City of Marietta Board of Lights & Water v. Georgia Power Co.

Banke, Chief Judge.

Georgia Power Company filed a petition with the Georgia Public Service Commission seeking to prevent the City of Marietta Board of Lights and Water (hereinafter Marietta) from committing an alleged violation of the Georgia Territorial Electric Service Act (OCGA § 46-3-1 et seq.) by providing electric service to certain premises owned by Dunaway Drug Stores, Inc., which premises were alleged to have been assigned exclusively to Georgia Power under the Act. The Public Service Commission ruled in favor of Georgia Power, and that ruling was affirmed on appeal to the Superior Court of Fulton County. This appeal followed.

The factual findings made by the Public Service Commission are not in dispute. Dunaway Drug Stores, Inc., commenced construction *124of an office and warehouse complex on the property in question on March 15, 1981, and Marietta began providing temporary electric service to the construction site during that same month. The location of the office and warehouse complex, both as planned and as constructed, was more than 500 feet from any existing electric line maintained by Marietta. However, subsequent to the commencement of construction, Dunaway decided to erect a small, permanent shed on the property at a location within 300 feet of an existing electric line maintained by Marietta. The Public Service Commission found as a matter of fact that the construction of this shed “resulted solely from an attempt to justify the extension and delivery of temporary and permanent electric service by Marietta to the office and warehouse complex.” In June of 1981, Dunaway applied for and began receiving permanent electric service from Marietta. Held:

It is acknowledged by the parties that pursuant to OCGA § 46-3-5, Georgia Power was and is the “primary supplier” for the area in question and that, as a consequence, Dunaway may elect to be served by Marietta as a secondary supplier only if the newly constructed premises are “located at least partially within 300 feet of the [existing] lines of such secondary supplier . . OCGA § 46-3-8 (a) (2). Application of this statutory provision is governed by OCGA § 46-3-8 (f), which provides, in pertinent part, as follows: “(f) The time at which an electric supplier, based upon the location or proximity of electric suppliers’ lines as in this part provided for, shall be considered as having the right to extend and furnish, or as being restricted from extending and furnishing, service to new premises shall be the time at which written application for temporary construction or permanent service is made to any electric supplier by the consumer utilizing such premises or the time at which construction of such premises is commenced, whichever first occurs. The location of a premises for temporary construction service shall be deemed to be the same as the location of the premises which shall require permanent service after construction.” (Emphasis supplied.) The term “premises” is defined by OCGA § 46-3-3 (6), in pertinent part, as follows: “ ‘Premises’ means the building, structure, or facility to which electricity is being or is to be furnished, provided that two or more buildings, structures or facilities which are located on one tract or contiguous tracts of land and are utilized by one electric consumer shall together constitute one premises . . .”

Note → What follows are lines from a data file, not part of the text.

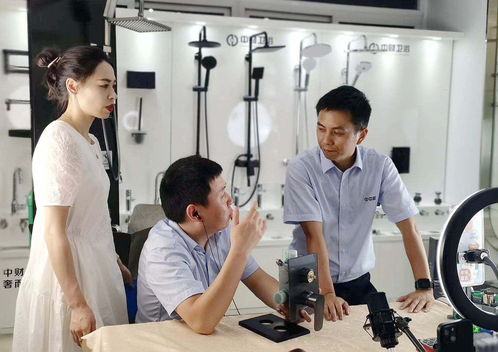 乐鱼网页版登录入口讯 5月31日晚7:00至9:00,乐鱼网页版登录入口卫浴新品暗装花洒在线上正式发售。以不锈钢项目部卫浴组负责人俞潮明为组长及天猫运营组员求佶锋的乐鱼网页版登录入口卫浴线上运营团队在新昌基地青山厂区展厅同时开启了天猫、抖音、微信视频号的线上新品直播活动。
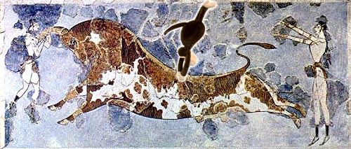 Friday, 16th Monkey on Ice (plant), Carpobrotus chilensis. Chillin' along the freeway. No kidding, this is an elevated freeway embankment in Opice's town. The sunken freeways are also landscaped, but Monkey was talked out of trying to shoot a foto down, along one of them. Some people on the Central Coast consider ice plant a transplanted weed, perhaps from South Africa. Some people in the Central Valley consider Monkey a transplanted cretin--no ifs ands or buts. They are wrong (the 2nd. they). Monkey once visited Knossos--but he's not from there. And he's never jumped a bull despite what he'll tell you about that trip if given too much ouzo.  Note about link to Knossos
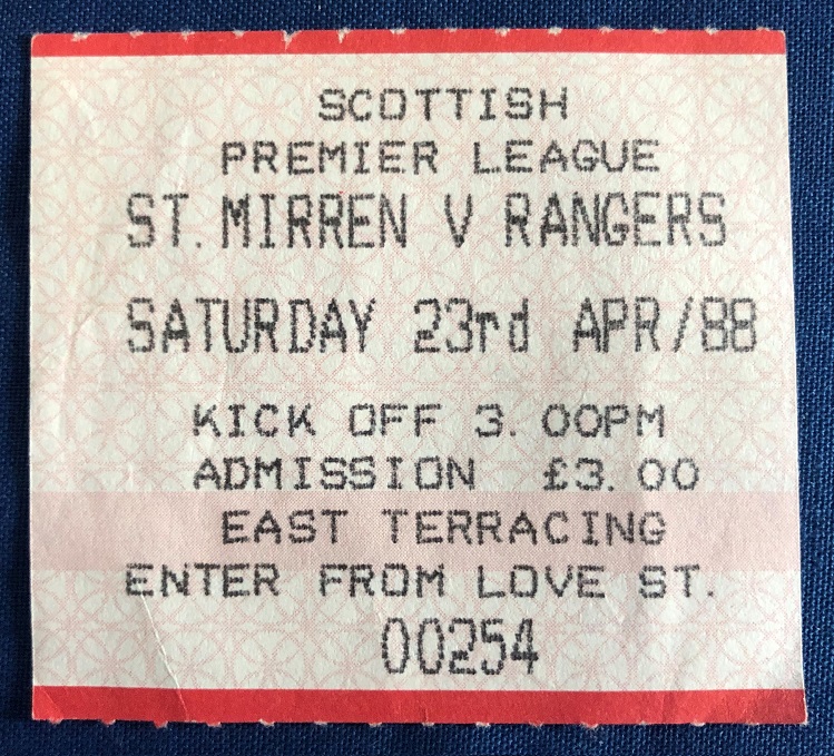 23rd April 1988 – St. Mirren v Rangers – Scottish League
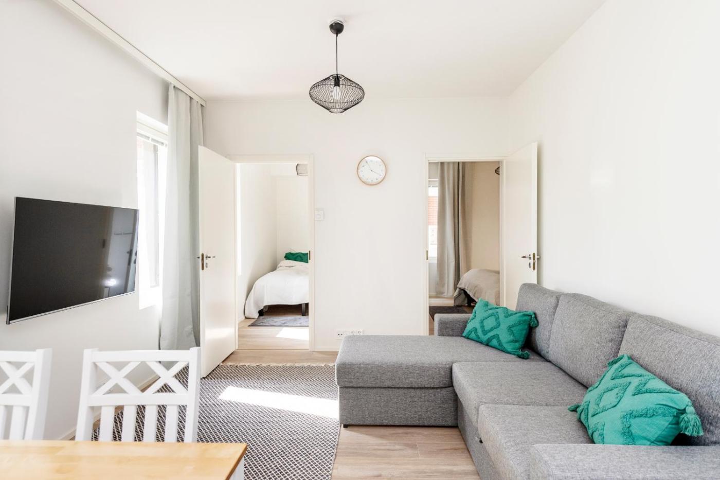 Two-Bedroom Apartment. This apartments standout feature is the sauna. This apartment is comprised of 1 living room, 2 separate bedrooms and 1 bathroom with a shower and a hairdryer. In the kitchen, guests will find a refrigerator, kitchenware and a microwave. Featuring a balcony, this apartment also offers a washing machine, a tea and coffee maker and a flat-screen TV. The unit offers 5 beds.
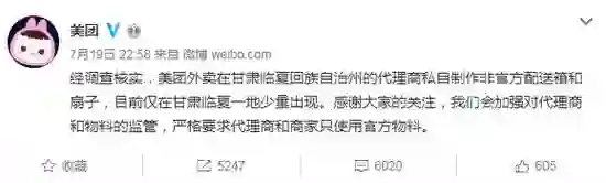 7月19日,就美团外卖使用清真食品箱一事,美团官方微博发表回应,“经调查核实,美团外卖在甘肃临夏回族自治州的代理商私自制作非官方配送箱和扇子,目前仅在甘肃临夏一地少量出现。”
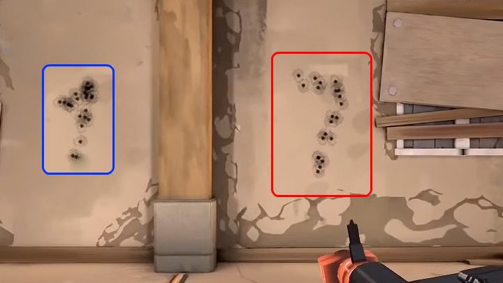 The image above shows an example of the Ares' spread, one of the weapons in Valorant. The test was conducted from a medium distance - the closer the target, the smaller the bullet spread. As you can see, the first 3 rounds are flying more or less near the target - you only need to move the mouse slightly downward to counter this movement. Unfortunately, if you keep firing, the weapon will start moving in all directions (spread marked in red). Crouch to effectively use this weapon at medium range - the bullet spread will be reduced by two-fold (spread marked in blue), and the first 15 rounds will only need to be slightly countered by moving down to hit the target.

Because the construction of the shed was not contemplated either at the time Dunaway applied to Marietta for temporary construction service or at the time construction actually began on the project, and because the structures which were planned at that time were located more than 300 feet from Marietta’s existing lines, we hold that the Commission was correct in concluding that Georgia Power had the *125exclusive right under the Act to extend and furnish permanent service to the premises. This conclusion is demanded by the unambiguous language of § 46-3-8 (f), regardless of whether the shed may properly be considered a “building, structure, or facility for which electricity is being or is to be furnished” within the meaning of § 46-3-3 (6). Consequently, it is unnecessary for us to address the correctness of the Commission’s additional conclusion that because the shed was designed and constructed solely to justify the extension of electric service to the office and warehouse complex, it never did constitute part of the “premises” within the meaning of that subsection.

Decided September 20, 1985. W. R. Robertson III, for appellant. Robert P. Williams II, Jeffrey R. Nickerson, Arthur H. Domby, Deppish Kirkland III, Michael J. Bowers, Attorney General, H. Perry Michael, First Assistant Attorney General, Michael S. Bradley, Staff Assistant Attorney General, for appellees.

Judgment affirmed.

McMurray, P. J., and Benham, J., concur.